The corresponding entries will be generated in the next reporting year.

If such a situation arises in a joint stock company, it must subsequently make contributions to reserves until the required amount is restored.

In cases where bonds are repaid using reserve funds, in correspondence with account 82, accounts 66 or 67 are used, depending on the period for which they were issued:

  • Debit 82 - Credit to account 66, intended for accounting for settlements on short-term obligations.
  • Debit 82 - Credit to account 67, intended for accounting for settlements of long-term liabilities.

When the reserve is allocated for the repurchase of shares, the following block of records is formed:

  • The situation of repurchase of securities is reflected in the Debit of account 81 “Own shares (shares)” and the Credit of cash accounts depending on the funds used.
  • Cancellation of the corresponding shares – Debit 80 “Authorized capital”, Credit 81 for the amount of their par value.
  • Attribution of the difference between the nominal value and the actual amount paid at the expense of reserves – Debit 82, Credit 81.

Decrease

In the event of a decrease in the authorized capital of an organization, it has the right to reduce the size of the reserve fund in order to bring it into compliance with the constituent documents.
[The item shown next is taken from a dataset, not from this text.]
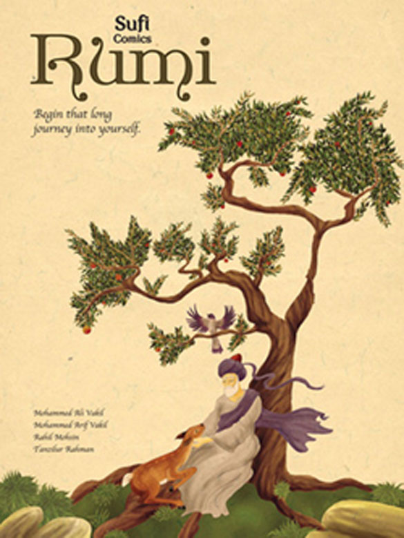 Some years ago, a band of lovers of Sufi literature based in Bangalore got together to bring out Sufi-related literature in comic form and using contemporary idiom, trying, in this way, to reach out with the Sufi message to a broader cross-section of society, beyond a narrow circle.  This beautifully-crafted book—in itself a delicate work of art—is their third publication. The publishers describe the book as “a modest attempt to bring awareness of what Rumi meant to share. A deeper insight into his teachings.”

In this case, after the state registration of the relevant changes is carried out, the following entries are made in accounting:

  • Debit account 82 – Credit account 84.

In conclusion, I would like to note that the creation of reserves is important for any organization. At the same time, the operation of their expenditure is not capable of changing the size of net assets. In fact, it only reflects the change in the shares of various sources that form the company’s equity capital.